Article written by Maya Vukovska

Тhey are giving us the creeps but at the same time, we are strangely attracted to them. They are the queer villains on the silver screen.

Norman Bates - Psycho (1960)

This character has become synonymous with pure horror that lurks in the shadows of the human psyche. Created by writer Robert Block and portrayed by gay actor Anthony Perkins, the character was inspired by serial killer Ed Gein. Norman is a young man who runs a small, off-highway motel in Fairvale, CA. What is not revealed until the very end of the movie is that he suffers from dissociative identity disorder. After killing his mother, he develops a three-way split personality. Social isolation and the lack of interaction with women turn the man into a serial killer who commits vicious murders when the “Mother” personality takes over. However, what is most terrifying about Norman Bates is not his murderous inclination, but the fact that it was born as a result of too much motherly love.

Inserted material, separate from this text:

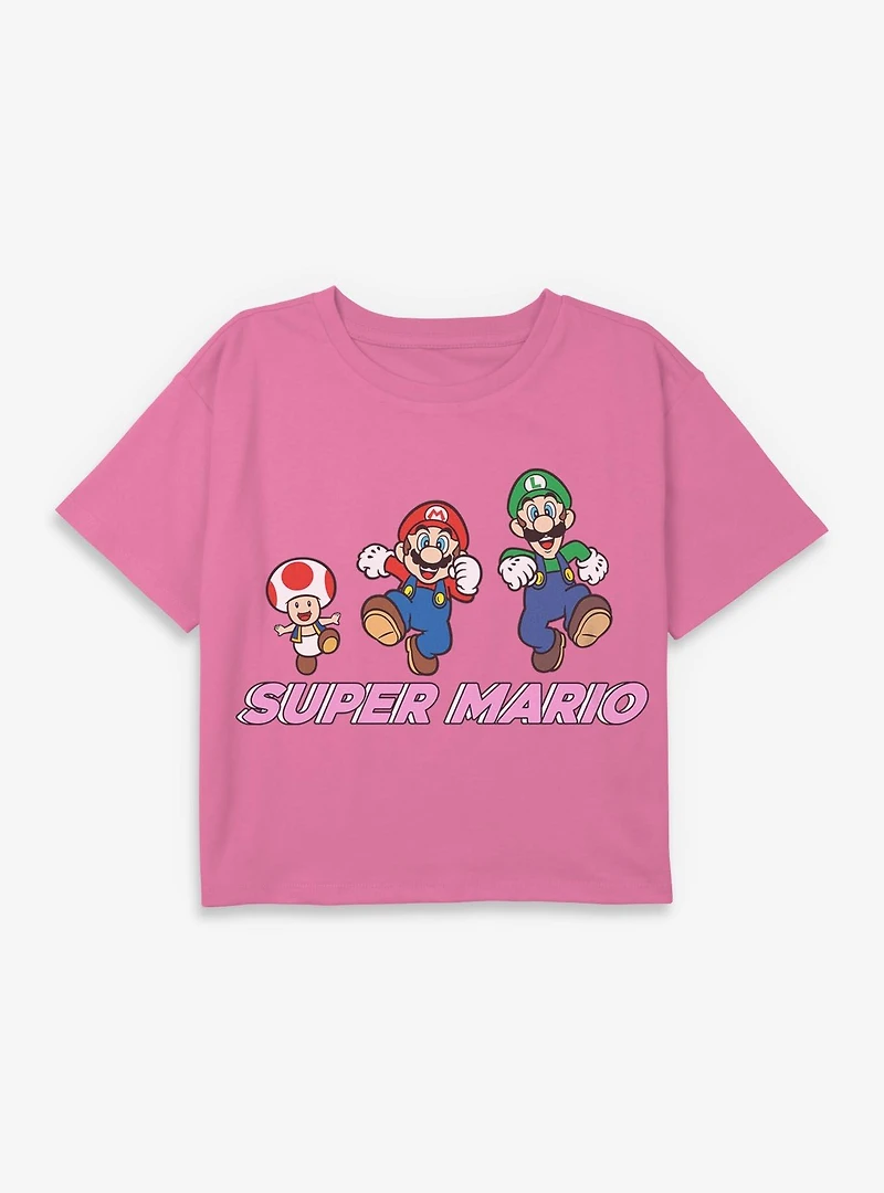 Nintendo Super Mario Group Fun Jump Youth Girls Boxy Crop T-Shirt

Frank N. Furter - The Rocky Horror Picture Show (1975)

Tim Curry as the mad scientist from space Frank N. Furter is a part also of the original London stage production from 1973. The story is as simple as it can get: the car of a young couple breaks down in shitty weather near a castle where the lovers seek a phone to call for help. However, they are about to make a hair-raising discovery. The host, Frank, is an alien transvestite who’s created a man called Rocky in his lab - his living sexual plaything, really. The couple is seduced by Frank but eventually is set free by the servants in the castle. If that’s not a plot for a porn movie with a sinister twist, I don’t know what else is!…

Jareth - Labyrinth (1986)

Portrayed by infamously eccentric bisexual artist David Bowie, Jareth is a lonely, sexy Goblin King, whose favorite pastime activity is stealing babies, as well as wearing tight pants and leather jackets, singing, and playing with crystal balls The film follows the adventures of 15-year old Sarah (Jennifer Connelly) within an enormous labyrinth. She has only 13 hours to rescue her baby brother from the evil King, but somehow, along the way, she falls in love with this hyper-sexualized rock star. But can you blame her - it David-fucking-Bowie!

Buffalo Bill - Silence of the Lambs (1991)

For the protagonist, FBI agent Clarice Starling (Jody Foster) evil is a force that she faces every day in her job. But the case of Jame Gumb, known by the nickname “Buffalo Bill”, is going to be a game-changer. The character, played by Ted Levine, is a sadistic transvestite serial killer who murders young overweight women in order to make a “woman suit” from their skin for himself. Although it never becomes clear whether Gumb is real transsexual, it is kind of obvious that the guy has some serious gender dysphoria issues. To connect with the character he had to portray, Levine visited transvestite bars and really enjoyed meeting people who “had hormones and augmented stuff and would lip-sync to Barbra Streisand”.

Catherine Tramell - Basic Instinct (1992)

Portraying a bisexual serial killer is, without doubt, the most iconic role of Sharon Stone, and the movie has become a cult classic. Although the character has been labeled as a “damaging misogynistic stereotype,” it’s far more complicated and intriguing than that. Cathrine is a writer but her hobby is killing people. She is highly intelligent, charismatic, and manipulative. She displays features of narcissistic personality disorder, and also has risk addiction: the greater the risk, the better and more powerful she feels. And what to say about her looks! One simply cannot take their eyes off the face of this femme fatale.

Tom Ripley - Talented Mr. Ripley (1999)

That’s probably my personal favorite performance of talented Mr. Matt Damon. Motivated by self-hatred and ambition, Tom is unstoppable in his way to the high society world of the beautiful and the rich. He is the kind of likeable psychopath everyone is willing to befriend because he looks so innocent, and approachable, and friendly. He is just the good old Tom - what’s not to like? Well, apart from the fact that he’s a pathological liar and a cold-blooded killer who beats to death Jude Law’s character and feeds his body to the fish in the ocean, I guess everything else is just fine with him.

Barbara Covett - Notes on a Scandal (2006)

A highly-acclaimed British actress and an Oscar winner, Judi Dench delivers another brilliant portrayal as a fragile-looking veteran high school teacher who is also a repressed lesbian who preys on the emotionally unstable new teacher (Cate Blanchett). Like most of the characters we’ve mentioned so far, Barbara, too, is borderline psychotic, only it’s her chronic loneliness that unleashes the evil-doer in her.